Submitted: 2 years ago.
Category: Relationship
Expert:  Dr-A-Green replied 2 years ago.

Yes - there is a fundamental difference between the sexes when it comes to the issue of visual stimulation. In general, men are extremely visually based in their sexuality - thus, the proliferation of pornography, advertising, and media that is geared toward men. Women, are more swayed by the concept of caring and being protected (i.e. loved). That said, the majority of women's product placement (cosmetics, clothing, etc) is geared toward making a woman more appealing to the opposite gender (i.e. "sexy").

Of course, these are all stereotypes.

There are some women who are very turned on by pornography and some men who are disgusted by it. It really depends on the individual person and their likes and dislikes.

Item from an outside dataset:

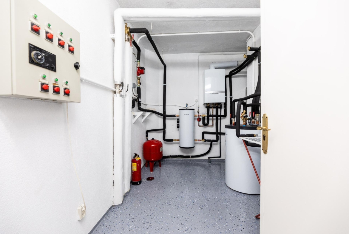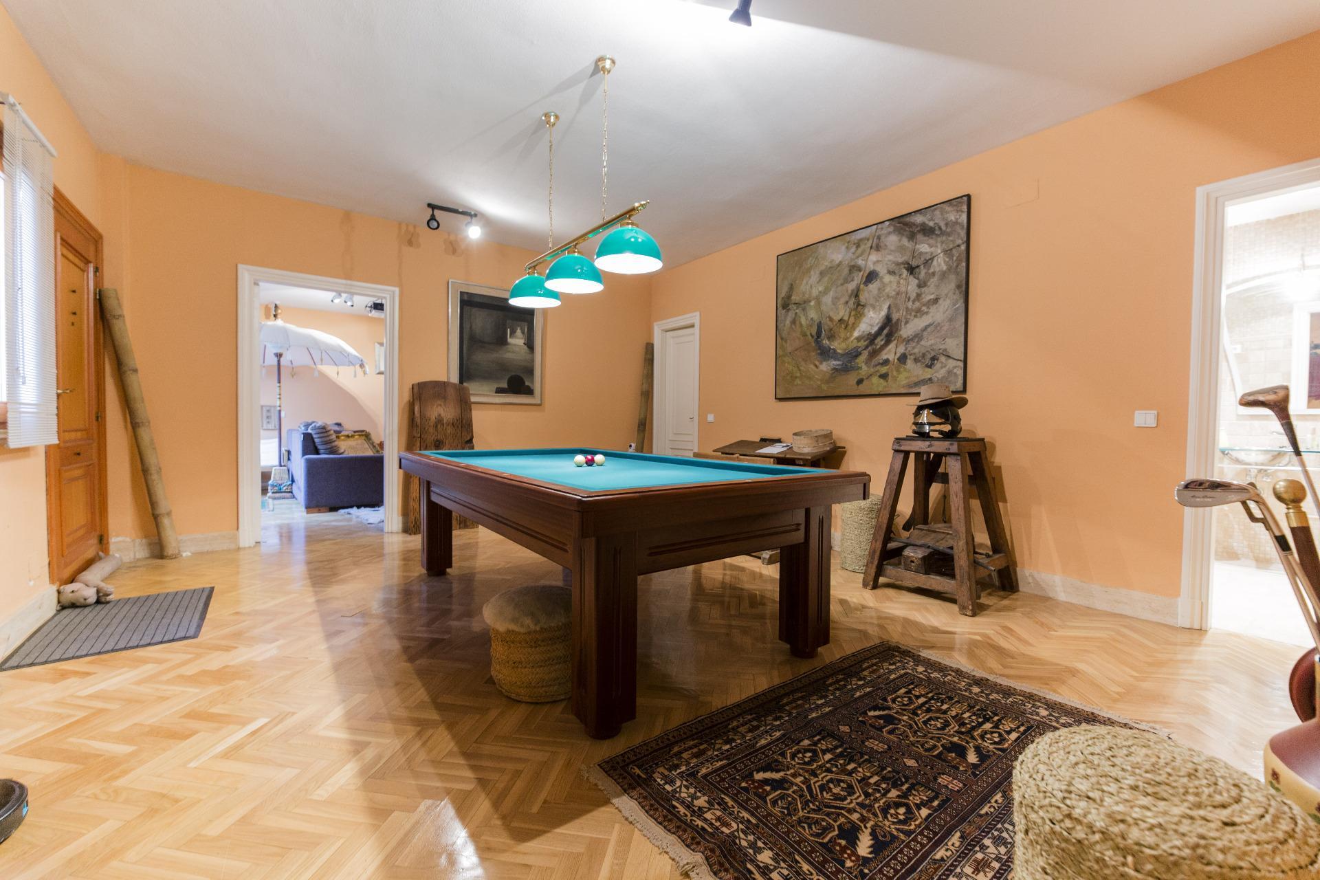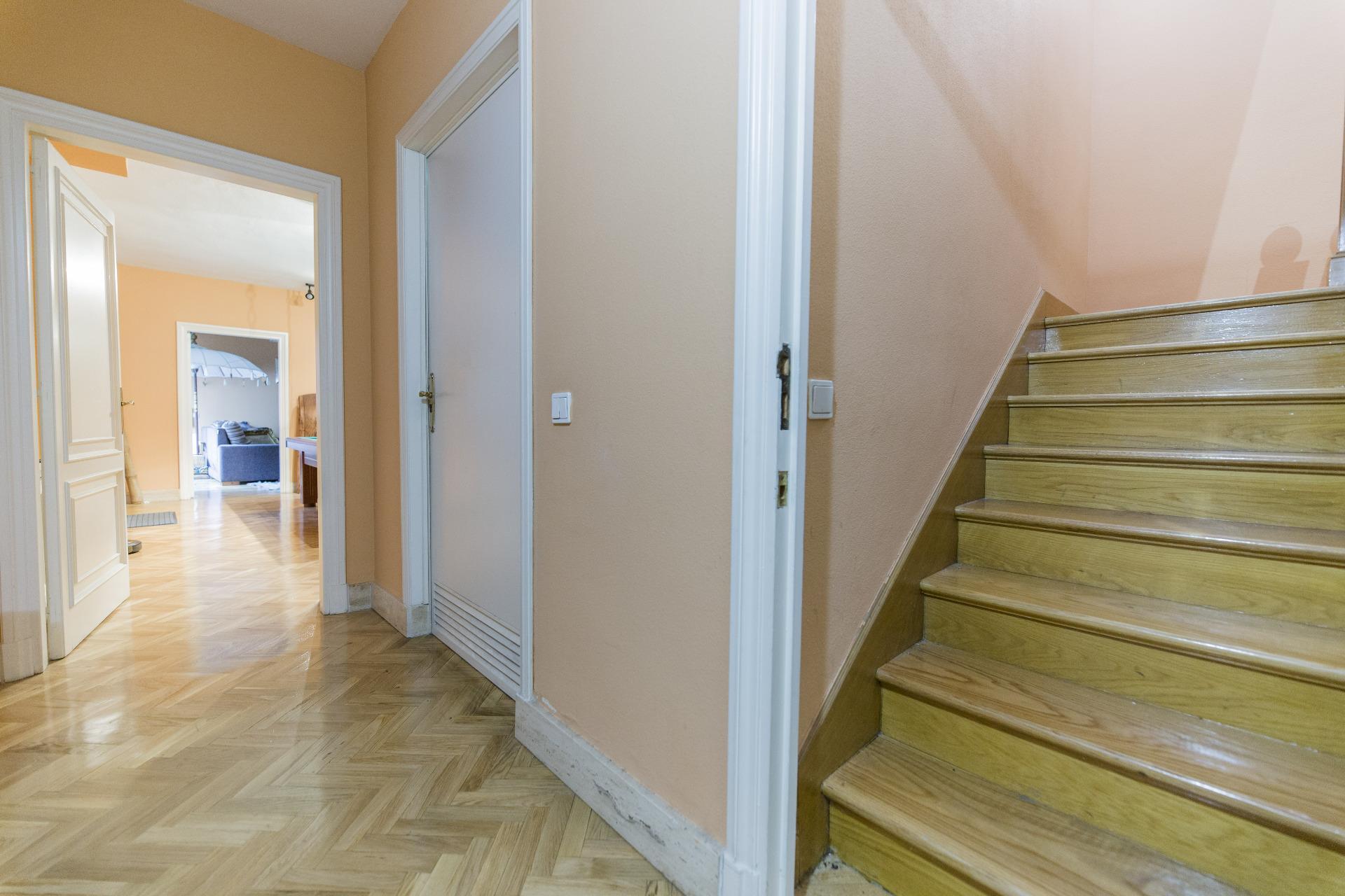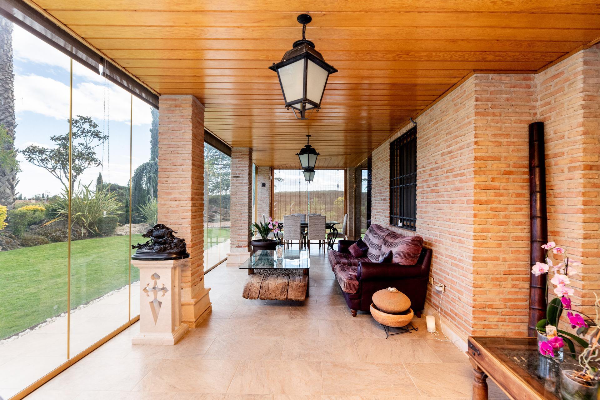 La vivienda se desarrolla en tres plantas. Las dos principales están destinadas a la vida diaria, mientras que el sótano alberga espacios recreativos, la sala de calderas y el garaje. En la planta de acceso, un hall da paso a un salón con grandes ventanales que llenan de luz la estancia. La cocina, amplia y completamente equipada, cuenta con despensa, comedor de diario, lavadero y zona de plancha. También dispone de una habitación de servicio con baño y un área de tendedero adaptable a distintos usos. En el otro extremo, se encuentra un despacho o sala de estar privada, conectado con un porche acristalado en esquina que se abre al jardín y la piscina. La planta también dispone de dos chimeneas.

At it's healthiest, sexuality and love should be linked in a relationship. Sex is a deep and meaningful way of expressing love toward a partner. Therefore, I do not believe they should be separate, as you mentioned. However, I agree that there is a disconnect between sex and love in popular culture and, often, incorporated into a man's way of thinking. Many men believe that viewing pornography and looking at other women is healthy and normal and should have no effect on their relationship. In turn, many women feel hurt and betrayed. The best that we can do as psychologists treating individual couples is to help that couple come to an understanding about what is (and what is not) acceptable to the other partner. While it would be ideal to change the culture as a whole, it is probably a bit unrealistic.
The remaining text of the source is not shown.